Голос — те же дикторские интонации, только чуть громче, перекрывая Баха, — донесся с лестницы в углу мастерской. Я обернулся и увидел прямо перед собой мужчину лет тридцати пяти, высоченного роста, худого как жердь, с желтоватой кожей, впалыми щеками, жуткими зубами и ярко-голубыми глазами, в тон ультрамарина на его полотнах. На нем были линялые джинсы, черный свитер грубой вязки, который совсем не помогал скрыть бросающееся в глаза истощение, и дорогие высокие ботинки на шнуровке из рыжей кожи, заляпанные краской. Но что в нем завораживало, так это глаза. В них была холодность вечной мерзлоты, оттеняемая глубоким сиянием радужки.
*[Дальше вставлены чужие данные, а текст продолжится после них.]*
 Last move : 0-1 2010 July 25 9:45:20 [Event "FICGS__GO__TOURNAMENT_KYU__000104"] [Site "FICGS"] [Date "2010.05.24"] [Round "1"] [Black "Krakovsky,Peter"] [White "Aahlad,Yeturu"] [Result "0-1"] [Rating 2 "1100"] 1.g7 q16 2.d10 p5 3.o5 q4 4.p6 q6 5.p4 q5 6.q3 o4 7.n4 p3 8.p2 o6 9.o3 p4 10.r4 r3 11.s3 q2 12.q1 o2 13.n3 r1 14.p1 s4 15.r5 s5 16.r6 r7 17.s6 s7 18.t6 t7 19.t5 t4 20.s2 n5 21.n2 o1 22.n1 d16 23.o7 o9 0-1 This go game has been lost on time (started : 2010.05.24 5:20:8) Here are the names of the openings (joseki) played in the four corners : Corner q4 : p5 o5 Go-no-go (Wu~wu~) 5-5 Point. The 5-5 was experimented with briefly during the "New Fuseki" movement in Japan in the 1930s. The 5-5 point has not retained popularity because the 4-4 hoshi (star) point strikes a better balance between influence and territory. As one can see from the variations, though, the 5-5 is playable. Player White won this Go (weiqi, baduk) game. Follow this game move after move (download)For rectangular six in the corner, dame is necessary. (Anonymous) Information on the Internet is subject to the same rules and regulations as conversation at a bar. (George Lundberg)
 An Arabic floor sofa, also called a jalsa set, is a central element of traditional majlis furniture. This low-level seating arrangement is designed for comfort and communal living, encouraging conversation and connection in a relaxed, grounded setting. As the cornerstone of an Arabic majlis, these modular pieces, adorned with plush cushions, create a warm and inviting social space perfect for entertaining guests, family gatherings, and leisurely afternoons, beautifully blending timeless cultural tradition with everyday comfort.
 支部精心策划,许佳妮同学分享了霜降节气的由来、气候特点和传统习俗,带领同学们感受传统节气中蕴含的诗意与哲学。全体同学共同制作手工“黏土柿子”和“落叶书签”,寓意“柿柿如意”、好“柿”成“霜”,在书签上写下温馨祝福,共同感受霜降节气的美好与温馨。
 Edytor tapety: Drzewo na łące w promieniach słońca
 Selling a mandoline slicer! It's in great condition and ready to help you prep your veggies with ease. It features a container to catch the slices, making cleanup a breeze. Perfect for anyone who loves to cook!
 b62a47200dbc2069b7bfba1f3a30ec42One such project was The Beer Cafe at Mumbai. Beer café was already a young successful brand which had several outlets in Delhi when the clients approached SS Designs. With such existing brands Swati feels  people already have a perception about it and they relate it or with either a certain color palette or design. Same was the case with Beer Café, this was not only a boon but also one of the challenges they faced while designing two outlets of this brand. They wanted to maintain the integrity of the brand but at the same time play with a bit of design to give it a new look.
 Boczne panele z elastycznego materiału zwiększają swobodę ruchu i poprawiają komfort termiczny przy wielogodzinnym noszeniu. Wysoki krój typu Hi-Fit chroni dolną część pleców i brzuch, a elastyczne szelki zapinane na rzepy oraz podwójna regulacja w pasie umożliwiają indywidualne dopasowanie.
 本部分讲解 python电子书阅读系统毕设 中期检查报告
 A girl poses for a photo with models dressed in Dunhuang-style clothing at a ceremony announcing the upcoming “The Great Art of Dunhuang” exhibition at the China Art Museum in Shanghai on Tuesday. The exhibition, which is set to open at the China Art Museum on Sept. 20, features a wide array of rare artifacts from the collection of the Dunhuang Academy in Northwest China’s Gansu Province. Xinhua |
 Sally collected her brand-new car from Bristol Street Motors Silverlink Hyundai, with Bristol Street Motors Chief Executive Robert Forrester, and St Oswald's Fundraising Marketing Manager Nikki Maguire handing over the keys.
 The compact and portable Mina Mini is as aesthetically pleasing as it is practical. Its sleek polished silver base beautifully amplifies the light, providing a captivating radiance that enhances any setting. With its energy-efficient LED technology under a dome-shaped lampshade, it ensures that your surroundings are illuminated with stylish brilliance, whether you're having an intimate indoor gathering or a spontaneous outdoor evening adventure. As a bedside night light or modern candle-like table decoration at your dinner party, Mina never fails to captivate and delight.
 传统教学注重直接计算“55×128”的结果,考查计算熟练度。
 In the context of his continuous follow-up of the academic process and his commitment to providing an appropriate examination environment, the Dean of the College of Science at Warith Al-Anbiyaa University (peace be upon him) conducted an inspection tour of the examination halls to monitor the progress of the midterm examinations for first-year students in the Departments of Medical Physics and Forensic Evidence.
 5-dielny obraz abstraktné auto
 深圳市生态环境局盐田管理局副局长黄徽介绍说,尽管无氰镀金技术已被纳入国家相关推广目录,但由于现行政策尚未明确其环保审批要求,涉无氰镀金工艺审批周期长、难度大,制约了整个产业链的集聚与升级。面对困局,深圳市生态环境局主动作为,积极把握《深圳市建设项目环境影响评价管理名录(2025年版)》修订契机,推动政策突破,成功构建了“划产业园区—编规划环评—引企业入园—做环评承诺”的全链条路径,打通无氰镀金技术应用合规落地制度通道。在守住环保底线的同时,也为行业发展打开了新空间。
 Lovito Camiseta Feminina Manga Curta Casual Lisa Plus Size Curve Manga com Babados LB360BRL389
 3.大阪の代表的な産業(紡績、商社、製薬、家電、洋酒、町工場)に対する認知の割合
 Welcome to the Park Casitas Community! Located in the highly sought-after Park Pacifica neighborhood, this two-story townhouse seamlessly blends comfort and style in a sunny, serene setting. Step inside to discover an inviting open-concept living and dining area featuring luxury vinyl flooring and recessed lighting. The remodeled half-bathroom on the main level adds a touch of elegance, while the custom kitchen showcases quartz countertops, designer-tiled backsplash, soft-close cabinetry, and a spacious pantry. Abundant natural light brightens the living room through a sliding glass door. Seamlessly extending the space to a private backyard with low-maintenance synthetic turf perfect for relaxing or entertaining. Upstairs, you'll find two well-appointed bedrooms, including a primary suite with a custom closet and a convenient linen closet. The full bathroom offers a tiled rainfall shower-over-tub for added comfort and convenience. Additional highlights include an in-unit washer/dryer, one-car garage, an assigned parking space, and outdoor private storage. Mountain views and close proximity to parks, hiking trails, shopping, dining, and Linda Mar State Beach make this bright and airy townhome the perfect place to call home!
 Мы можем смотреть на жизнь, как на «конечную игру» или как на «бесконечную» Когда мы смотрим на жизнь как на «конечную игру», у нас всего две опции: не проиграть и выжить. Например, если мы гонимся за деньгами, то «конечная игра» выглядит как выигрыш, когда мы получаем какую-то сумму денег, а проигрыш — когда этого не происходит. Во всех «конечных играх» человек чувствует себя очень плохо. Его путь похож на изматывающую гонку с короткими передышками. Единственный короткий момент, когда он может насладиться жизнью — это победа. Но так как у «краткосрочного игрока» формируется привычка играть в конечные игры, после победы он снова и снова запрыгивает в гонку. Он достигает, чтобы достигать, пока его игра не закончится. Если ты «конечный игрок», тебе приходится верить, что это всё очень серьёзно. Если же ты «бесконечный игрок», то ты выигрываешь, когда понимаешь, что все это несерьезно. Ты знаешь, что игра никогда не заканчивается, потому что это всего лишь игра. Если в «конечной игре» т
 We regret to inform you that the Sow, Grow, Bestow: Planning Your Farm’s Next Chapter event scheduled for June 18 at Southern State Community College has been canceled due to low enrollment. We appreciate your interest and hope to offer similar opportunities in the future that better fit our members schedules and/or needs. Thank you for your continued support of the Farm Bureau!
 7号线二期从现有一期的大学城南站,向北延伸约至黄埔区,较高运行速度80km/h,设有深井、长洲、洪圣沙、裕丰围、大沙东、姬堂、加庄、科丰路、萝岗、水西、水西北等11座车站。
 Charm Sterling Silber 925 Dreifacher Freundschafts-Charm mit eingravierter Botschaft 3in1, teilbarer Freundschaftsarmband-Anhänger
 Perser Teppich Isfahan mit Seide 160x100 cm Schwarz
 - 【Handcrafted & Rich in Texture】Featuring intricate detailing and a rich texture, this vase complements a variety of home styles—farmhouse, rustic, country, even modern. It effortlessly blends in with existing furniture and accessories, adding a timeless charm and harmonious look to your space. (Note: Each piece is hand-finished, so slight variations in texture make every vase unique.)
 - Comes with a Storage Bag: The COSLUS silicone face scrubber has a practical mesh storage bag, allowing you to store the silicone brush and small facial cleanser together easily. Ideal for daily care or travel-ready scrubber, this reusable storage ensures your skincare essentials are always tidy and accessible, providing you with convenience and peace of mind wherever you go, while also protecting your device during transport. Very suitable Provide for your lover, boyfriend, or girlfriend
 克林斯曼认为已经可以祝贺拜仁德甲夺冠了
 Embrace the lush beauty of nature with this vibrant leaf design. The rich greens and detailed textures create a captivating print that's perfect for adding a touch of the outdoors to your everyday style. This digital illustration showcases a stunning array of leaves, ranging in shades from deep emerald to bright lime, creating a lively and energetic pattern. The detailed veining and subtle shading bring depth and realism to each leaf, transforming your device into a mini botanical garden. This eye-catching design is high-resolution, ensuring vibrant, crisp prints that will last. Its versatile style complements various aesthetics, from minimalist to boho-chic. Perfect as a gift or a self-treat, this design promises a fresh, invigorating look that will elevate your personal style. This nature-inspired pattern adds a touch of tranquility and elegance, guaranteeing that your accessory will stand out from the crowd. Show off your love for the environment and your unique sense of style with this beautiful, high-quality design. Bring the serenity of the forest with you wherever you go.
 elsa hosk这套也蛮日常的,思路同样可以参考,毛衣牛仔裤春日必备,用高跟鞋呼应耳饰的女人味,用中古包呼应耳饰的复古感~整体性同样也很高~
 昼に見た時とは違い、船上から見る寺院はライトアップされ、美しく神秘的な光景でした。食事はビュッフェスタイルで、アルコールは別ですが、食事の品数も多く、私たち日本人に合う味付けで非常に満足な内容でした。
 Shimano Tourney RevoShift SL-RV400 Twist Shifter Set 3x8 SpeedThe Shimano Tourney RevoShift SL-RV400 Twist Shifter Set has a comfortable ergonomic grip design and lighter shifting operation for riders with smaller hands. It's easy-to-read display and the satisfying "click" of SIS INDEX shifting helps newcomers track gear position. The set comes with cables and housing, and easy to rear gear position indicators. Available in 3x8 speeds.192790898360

А во взгляде угадывался вызов миру и в то же время сквозила ранимость. Видимо, я не ошибся, когда еще в разговоре предположил, что вся эта словесная бравада — показуха. Надменность всегда скрывает неуверенность и сомнения.
— Вы, я вижу, обошлись без приглашения, — повторил он, перекрикивая Баха.
— Дверь была открыта…
— И вы просто решили быть как дома.
— Я же не варю себе кофе на вашей кухне.
— Это намек? Хотите, чтобы я предложил вам что-нибудь выпить?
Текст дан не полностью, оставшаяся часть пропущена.